= Arrixaca =

Arrixaca (later San Esteban) was an arrabal (suburb) of Murcia, although it is now in the centre of the expanded city. It is the site of the Al-Andalusian palatial complex and neighborhood of San Esteban.

== Etymology ==

The name may have Basque-Navarrese origins, similar to place names like Arriyaga, Arrillaga, Arrixaga, or Arrixaca. Linguistically, it could mean "place of stones.

== History ==

===Islamic Era===
This residential area had access to water from the Acequia Mayor Aljufía irrigation canal. In medieval times, the canal ran along the northern side of the walled city of Murcia, outside the Arab Walls of Murcia. This facilitated the development of Arrixaca, where wealthy Andalusian families established their almunias thanks to the availability of water. It is no coincidence that rulers like Ibn Mardanis (12th century) and Ibn Hud (13th century) built their recreational palaces in this area, drawing water directly from the Aljufía.

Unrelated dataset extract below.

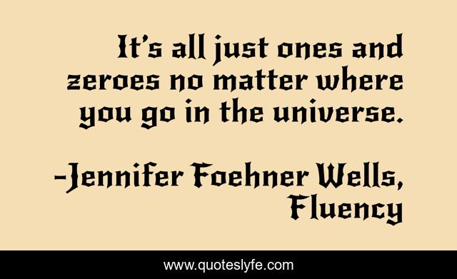 This page presents the quote "It’s all just ones and zeroes no matter where you go in the universe.". Author of this quote is Jennifer Foehner Wells, Fluency. .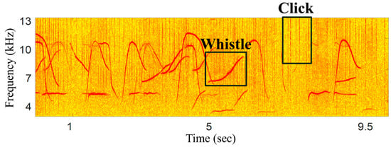 The dolphin sounds used in in the biomimetic UWA covert communication can be classified into clicks and whistles. Figure 1 depicts an example of a real dolphin’s call signal in which the click and whistle sounds are mixed. In Figure 1, the click sounds have a short period in time with a broad frequency band and the whistle sounds have a relatively longer time and various shapes in time frequency domain.

The former patroness of Murcia, Our Lady of Arrixaca is housed in the Church of San Andrés. One theory suggests that the image was located in a chapel in the Arrixaca suburb, where being outside the city walls non Muslims such as Italian Christian silk traders from Pisa and Genoa were allowed to live and worship. At the time, Murcia was one of the Mediterranean's main silk producers.

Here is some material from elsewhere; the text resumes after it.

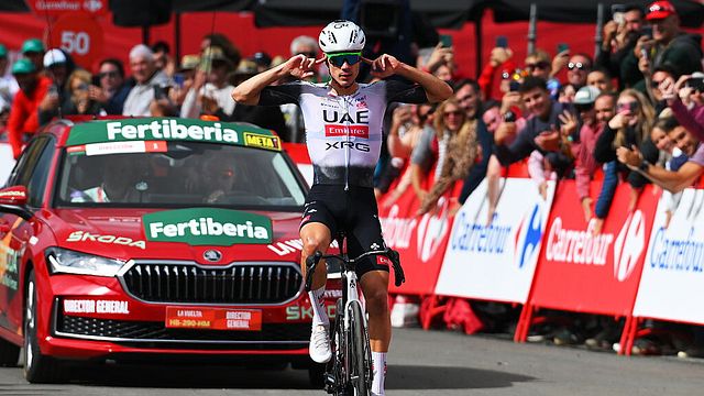 La Vuelta prosegue nel segno della Uae Team Emirates, che ottiene il suo tris di tappe: dopo il successo nella cronosquadre e quello di Jay Vine, questa volta tocca a Juan Ayuso. Lo spagnolo, che era staccato di dieci minuti rispetto al leader, riesce a inserirsi nella fuga e fa il vuoto sulla salita finale: è lui a chiudere con le braccia alzate dopo i 188km da Andorra La Vella a Cerler/Huesca La Magia. Continui saliscendi nella tappa odierna, con quattro ascese: Port del Canto (24.7km al 4.4%), Creu de Perves (5.7km al 6.3%) e La Espina (7.1km al 5.5%) sono il preludio ai 12.8km al 5.8% di pendenza media verso Cerler, con punte al 10%. Si forma subito una fuga di dodici corridori: Ayuso e Vine (Uae), Pedersen (Lidl-Trek), Quinn (EF), Howson (Q36.5), Tejada (Astana), Rolland (Groupama-FdJ), Nicolau (Caja Rural), Garcia Pierna (Arkéa), Vermaeke (Picnic-PostNL), Sepulveda (Lotto) e Frigo (Israel). Il gruppo lascia fare e il vantaggio vola sopra i quattro minuti, visto l'ampio distacco di Ayuso, con uno scenario ben definito: Vine fa incetta di punti nei Gpm per consolidare la maglia a pois, Pedersen conquista quelli per la maglia verde. Si procede così di comune accordo fino alla salita finale, dove Ayuso fa la sua mossa: lo spagnolo fa il vuoto e anche Frigo, che aveva tentato di resistere, si arrende nei km finali. Trionfa dunque Ayuso, che riscatta le crisi dei giorni scorsi e chiude con 1'15" su Frigo e 2'35" sul gruppo, preceduto da Soler (+2'30") e da ciò che rimaneva della fuga. Giornata interlocutoria per i big, con Vingegaard a difendersi dal breve scatto di Almeida. La classifica generale resta così sostanzialmente invariata: il norvegese Traeen (Bahrain), ottimo anche oggi mentre crollavano i suoi capitani Buitrago e Tiberi, guida con 2'33" su Vingegaard e 2'41" su Almeida: dietro di loro Ciccone (+2'42") e Fortunato (+2'47"). Domani si riparte con una tappa per velocisti, nei 163.5km verso Saragozza.

===Castillan Protectorate===

When the Taifa of Murcia became Castile's protectorate in 1243 the Muslim royal family members, who were still nominally "kings of Murcia," relocated from the centre of Murcia to the Al Qasr al-Sagir in Arrixaca. A growing proportion of the Muslim population followed them to the suburb as Murcia was Christianised by immigrants from across Iberia with the goal of establishing a loyal Christian base.

The Christian population of the town became the majority, with Muslims increasingly confined to Arrixaca. This led to a Muslim revolt in 1264, which was quelled by James I of Aragon in 1266, who brought further Aragonese and Catalan immigrants with him. The revolt effectively nullified any obligations that Alfonso had to honor the treaty's terms.

===Muslim Enclave===

The failure of the rebellion had disastrous consequences for Muslims in Murcia. Effectively, Murcia's defeat meant that instead of being a self-governing Muslim protectorate of Castille it was ruled directly by Castil with some bits allocated to Aragon.

The rebellious territories endured mass expulsions and Christians were paid to settle formerly Muslim lands with mosques reconsecrated as churches. Unlike in Andalusia, the large Muslim population in the city of Murcia remained with their religious rights guaranteed, but were forced to move to Arrixaca with houses and lands within the city were divided among Christian settlers. Over time, Alfonso further reduced the portion of lands allocated to the Muslims and moved in settlers from other parts of Castille to replace them.

Muslim rights guaranteed by the terms of surrender were weakly enforced. A wall was constructed between the Muslim suburb and the rest of the city, and the Muslims retained freedom of religion in their suburb. A new leader of the Muslims was appointed with the title "King of the Moors of Arrixaca in Murcia", in contrast to the pre rebellion "King of Murcia".

===Muslim Emigration===

However, many of its Muslim inhabitants emigrated to the still Muslim Granada, so that by 1272, two Catholic parishes, San Miguel and Santiago, were established in the northern part of the arrabal, later called Arrixaca Vieja. The continued depopulation of the Morería of Murcia led to the foundation of the parish of San Andrés in 1293, in what became known as Arrixaca Nueva.